Can you imagine a novel about the crew of a Chinese, British, Japanese, or any other nationality of gunboat sailing up and down, say, the Mississippi in the 1920's, blasting away at people? If you are American, of course not. If anyone had done that to us, we would have gone to war over it. It would be an insult to the American people and their sovereignty. Such a novel would need to be truly a work of the imagination.

But McKenna's The Sand Pebbles is not a work of imagination, although it is fictionalized. McKenna served on a U.S. gunboats in China in the 1930s, and had access to men who served on such gunboats in the 1920s.

One could argue that the U.S. gunboats, and the ones from Great Britain, France, and Japan, were not violating Chinese sovereignty because they were allowed under treaties China had signed with the gunboat nations. On the other hand the treaties had been signed by the Chinese at gunpoint, and signed by the old Manchu, imperial government that only pretended to rule and had been entirely swept away by the nationalist revolution of 1912. But by the end of World War I the Chinese government was mainly a fiction. War lords ruled various parts of China, imperialist powers ruled their colonies and zones, and in addition the imperialists played the war lords against each other when they could.

To almost all Chinese, the gunboats were an assault on their national sovereignty. In the 1920s even Chiang Kai-shek, then allied with Russia, but who would later become a U.S. puppet, wanted the gunboats removed.

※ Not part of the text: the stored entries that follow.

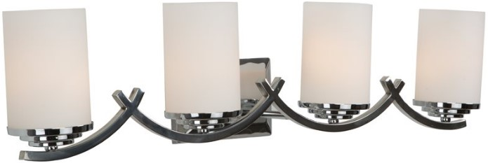 Add a touch of finesse to your bathroom with this contemporary 4-light vanity fixture. The sharp lines and sleek details of this Chrome fixture are complimented by etched White Opal cylindrical glass shades exuding a warm glow when lit. Constructed of steel this vanity light is durable and easy to care for.Read More
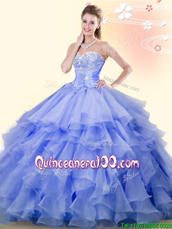 Neckline : SweetheartShown Color : LavenderSilhouette : Ball GownsSleeve Length : sleevelessHemline : floor lengthBack Detail : Lace upFabric : OrganzaEmbellishment : Beading,RufflesOccasion : Military Ball,Sweet 16,QuinceaneraSeason : Spring,Summer,Fall,Winter
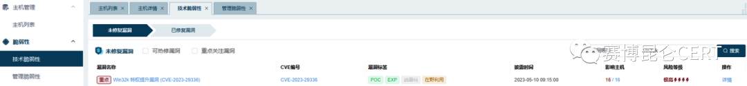 目前赛博昆仑的资产风险检测模块能够检测系统中存在漏洞的Windows版本并提示对应风险:
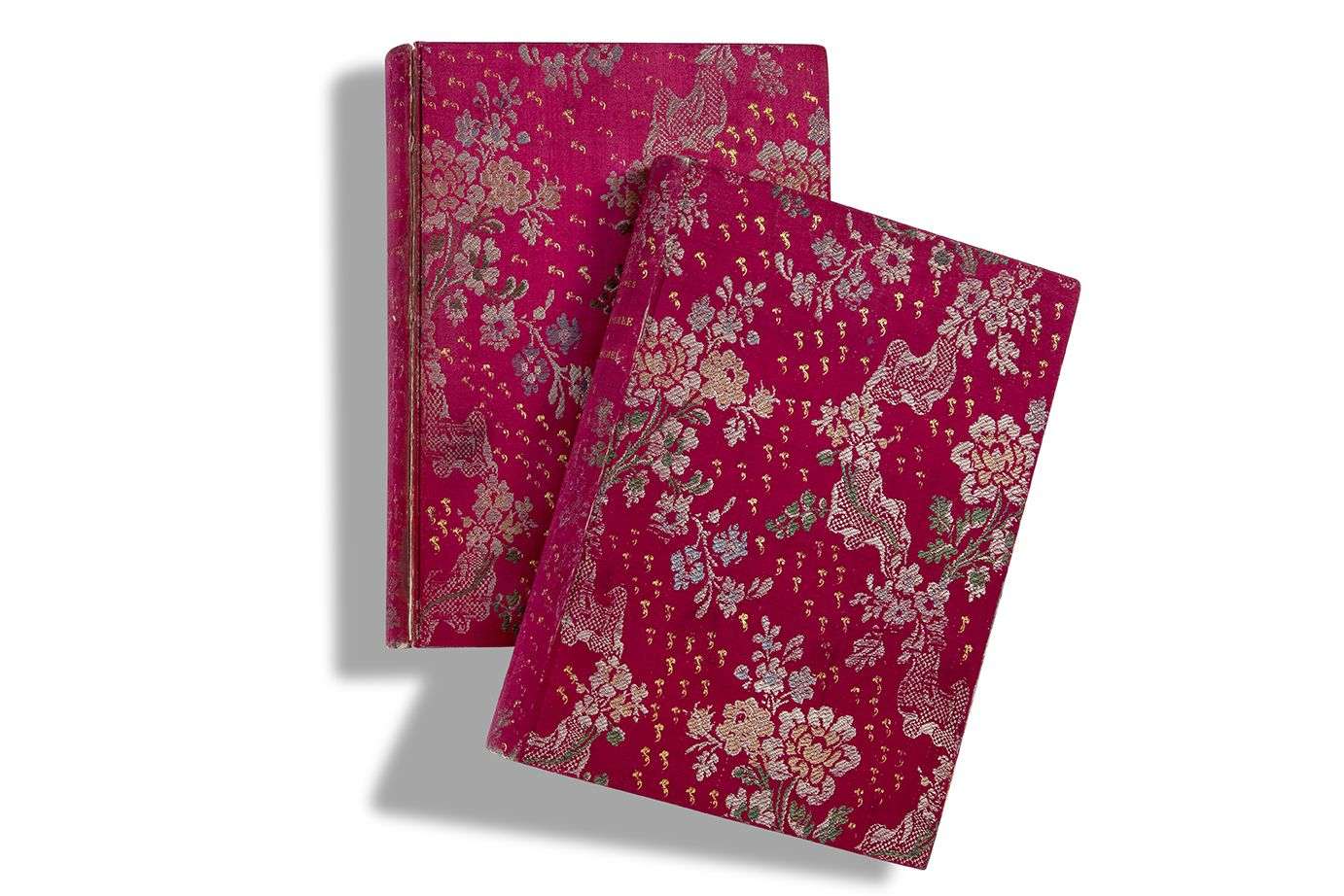 100 L.A.S. (quelques-unes non signées), 1848-1870, à Francisque MICHEL | environ 230 pages de formats divers, enveloppes avec timbres | le tout monté sur des feuilles de papier Japon et relié en 2 volumes in-4, soie rouge brochée ornée de motifs floraux (une charnière usée).

Which brings us to President Calvin Coolidge, who ascended to the office when Warren Harding died in 1923 and served until March 1929. American history students are encouraged to think of "silent Cal" as a do-nothing Republican who was lucky enough to preside over the economic boom of the Roaring Twenties. But Cal did plenty of stuff, including the Kellogg-Briand Pact, which was supposed to outlaw war. It is hard to imagine a Republican or Democrat president even pretending to try to outlaw war today.

Yet Calvin was tough on the Chinese, if The Sand Pebbles is to be believed. Commerce was in jeapardy. American troops were stationed in Shanghai; more were brought there by the U.S.S. Stewart in January 1925. By 1928 the new Nationalist government of China, headed by Chiang Kai-shek, was looking better to the United States ruling class. Most Chinese warlords acknowledged Chiang as their leader, and he threw the Communists out of the nationalist party, the Kuomintang. Having voted with guns, no elections were deemed necessary. Calvin Coolidge recognized the new government of China, which was willing to cater to American interests, and a continued U.S. naval presense on Chinese rivers.

The Sand Pebbles movie starred Steve McQueen and is well worth watching. The book, however, contains many scenes that are not in the movie that provide a lot of insight into Chinese-American relations in that era.

Also notable is that Calvin Coolidge signed the Immigration Act of 1924. He said disagreed with the provision excluding Japanese immigrants. He should have vetoed it, for such racist acts kept Japan and the U.S. on a path to war. By the standards of the times Coolidge was no racist, but while he spoke out in favor of civil rights for African Americans, he sponsored no legislation to that end.